# Observation Hive Dimensions



## Matarazzodesign (Feb 27, 2014)

Hi All,

I know it seems kind of pathetic to reply to my own post, but it would really help me if the community could give me some feedback on this design.

This project has an upcoming deadline, and I want to make sure my design is functional and ready to hand out to an outside contractor to build it. Feel free to contact me if you are interested in building this hive, or if you have some advice.

Thank You


----------



## Barry (Dec 28, 1999)

Matarazzodesign said:


> I used 3/8" for bee space between the top and bottom of the frames. The interior spacing between the 1/4" Safety Glass is 1 3/4". I've only got 1/4" between the edge of the deep frame and interior of the hive structure. Is this ok, or will this be a problem for circulation?

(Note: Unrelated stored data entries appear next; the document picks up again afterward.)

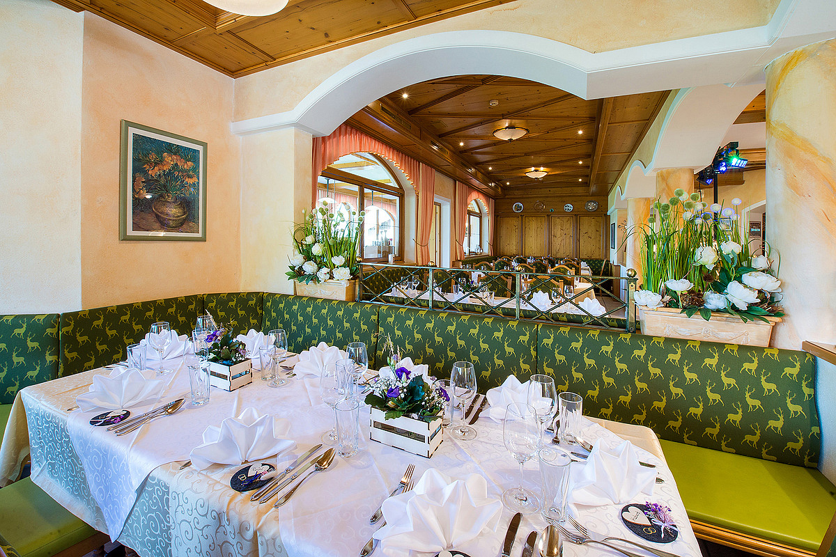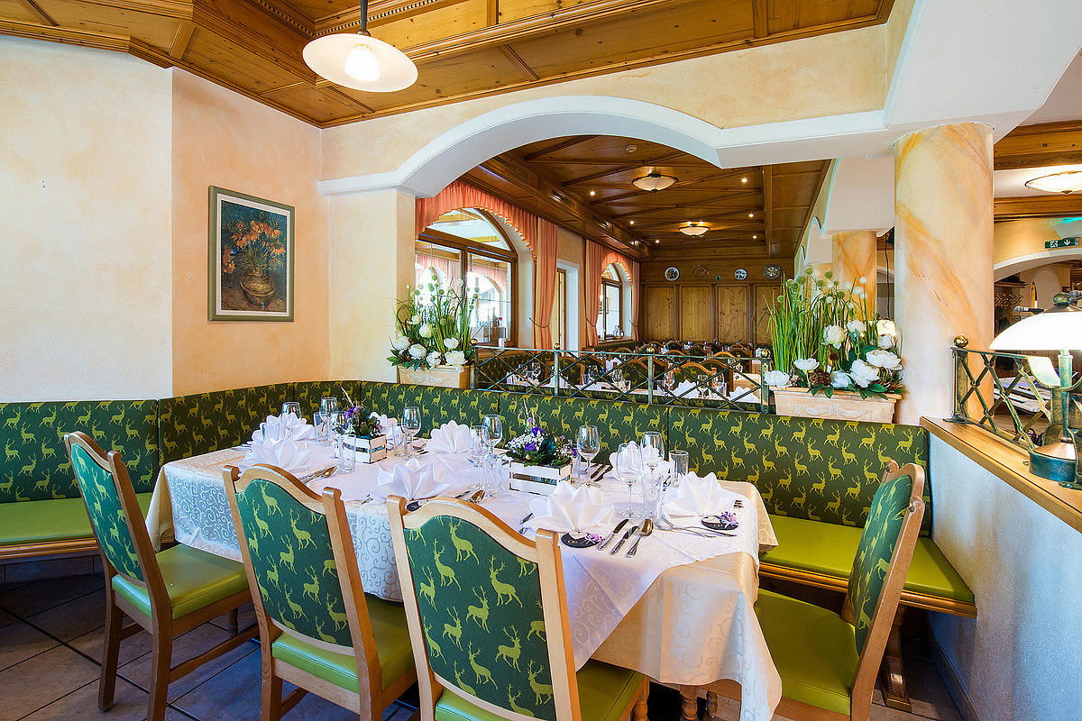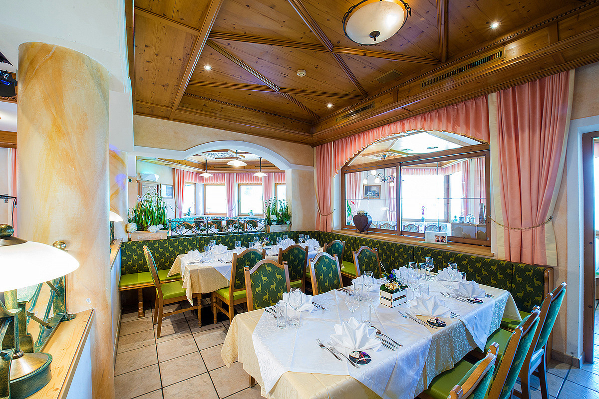 servírované 3chodového menu s výberom hlavného jedla s prílohou, servírované predjedlo či polievka, šalátový bufet, servírovaný dezert, nápoje za poplatok; spravidla 1x týždenne špeciálny tirolský bufet
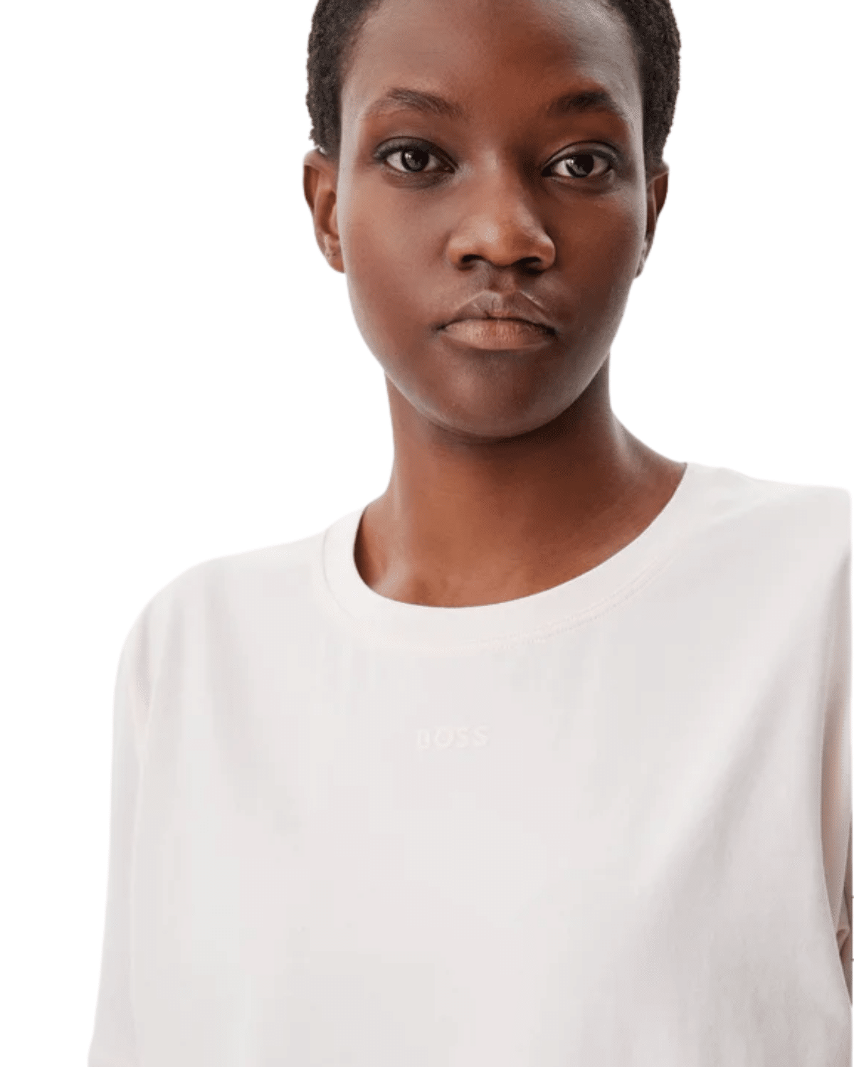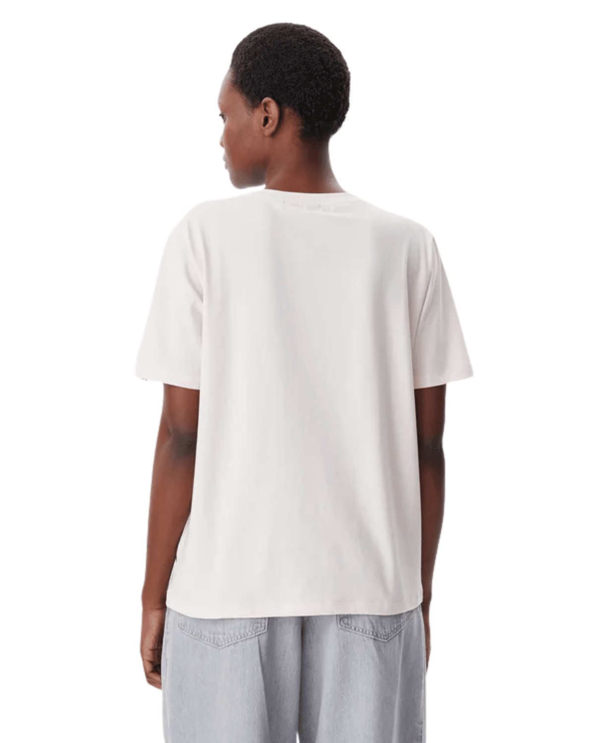 החולצה עם לוגו המותג מוטבע על החזה מקדימה, מתאימה לשילוב עם ג'ינס, חצאית או מכנסיים קצרים ליצירת מראה אופנתי ויומיומי.
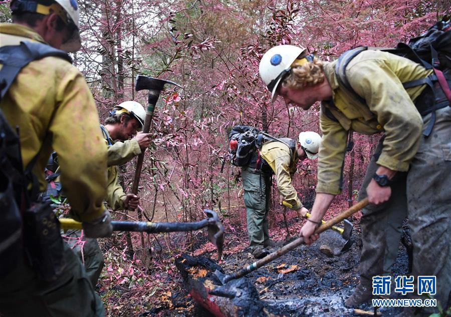 10月19日,在美国加利福尼亚州圣罗莎附近的火场,一队消防员在洒满阻燃剂的林间处理余烬。设在美国加利福尼亚州圣罗莎市附近的灭火指挥中心负责索诺马县全境以及纳帕县部分地区的山林大火灭火任务。据该指挥中心19日提供的数据,该地区有四个主要火场,面积共400多平方公里,80%的火场已被有效控制。新华社记者吴晓凌摄
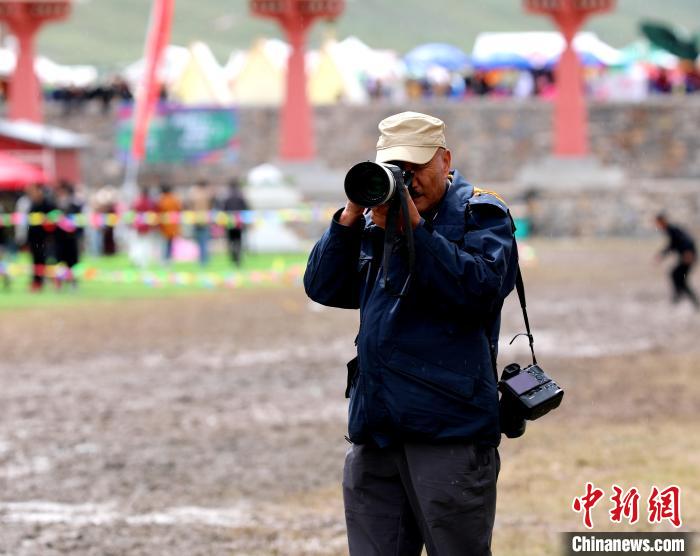 圖為西藏攝影師阿旺洛桑在玉樹傳統(tǒng)賽馬會現(xiàn)場拍攝。薛蒂 攝
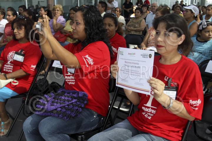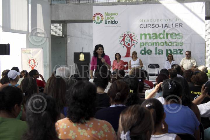 MONTERREY, NUEVO LEÓN, 23AGOSTO2012.-Madres de familia de las zonas más violentas y conflictivas de la ciudad, se incorporaron en el programa "Madres promotoras de la paz" donde fueron capacitadas para detectar riesgos en su familia y evitar que sus hijos ingresen a las adicciones o a grupos delictivos. Patricia Salazar Marroquín titular de la subsecretaría de prevención social de Nuevo León encabezó la ceremonia de graduación. FOTO: GABRIELA PÉREZ MONTIEL /CUARTOSCURO.
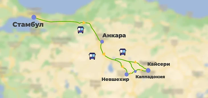 Отправление происходит с автобусных терминалов в Стамбуле: Esenler Otogar (европейская часть) и Alibeyköy Otogar. Конечной точкой может быть Невшехир, Гереме или Ургюп — в зависимости от маршрута.
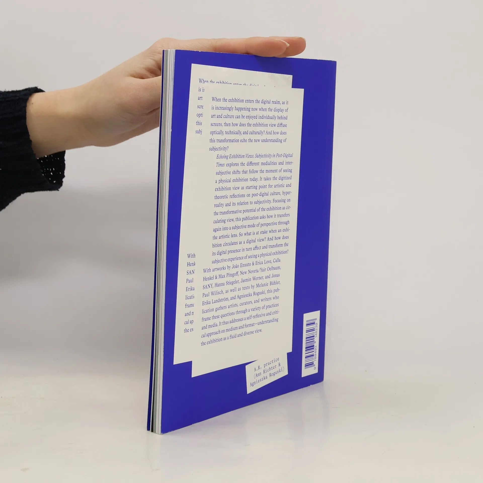 As exhibitions increasingly transition into the digital realm, the optical, technical, and cultural dimensions of viewing art and culture are transformed. This exploration delves into how this shift reflects a new understanding of subjectivity. The publication investigates the various medialities and intersubjective changes that arise from experiencing a physical exhibition in today’s context. By examining the digitized exhibition view, it offers artistic and theoretical reflections on post-digital culture and hyperreality, particularly concerning subjectivity. It questions the implications of exhibitions circulating as digital views and how this digital presence influences and alters the subjective experience of viewing physical exhibitions. Featuring works by artists such as João Enxuto & Erica Love, Calla Henkel & Max Pitegoff, and others, alongside texts by Melanie Bühler, Erika Landström, and Agnieszka Roguski, the publication brings together a diverse array of voices. It encourages a self-reflexive and critical approach to medium and format, framing the exhibition as a fluid and multifaceted experience. Through this lens, it addresses the transformative potential of exhibitions and their capacity to reshape perspectives in a post-digital landscape.
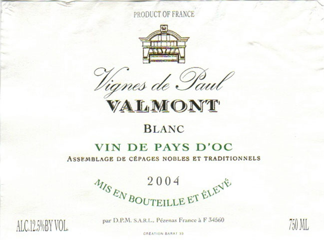 - (白) フランス: VIGNES DE PAUL VALMONT BLANC VIN DE PAYS D'OC (2004)
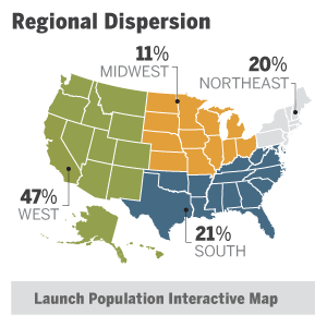 14)将近一半的中国人住在美国西部,东北和南部各有20%的华裔人口。

I added a 4"x1" rounded slot at the bottom of the hive to line up with our exit/entrance chamber below. Based on my dimensions I believe this will work with standard deep frames. Please note, I haven't modeled in ventilation holes or accurately modeled the woodworking joints for the hive.


Kind of hard to get too specific on your plans as the detail to the various parts with notes are not there, at least for me. I would consider heavier safety glass if this is anywhere near kids. 1-5/8" interior spacing is better, but not sure you will have brace comb issues with 1-3/4". The 1/4" between frame and hive is fine.


----------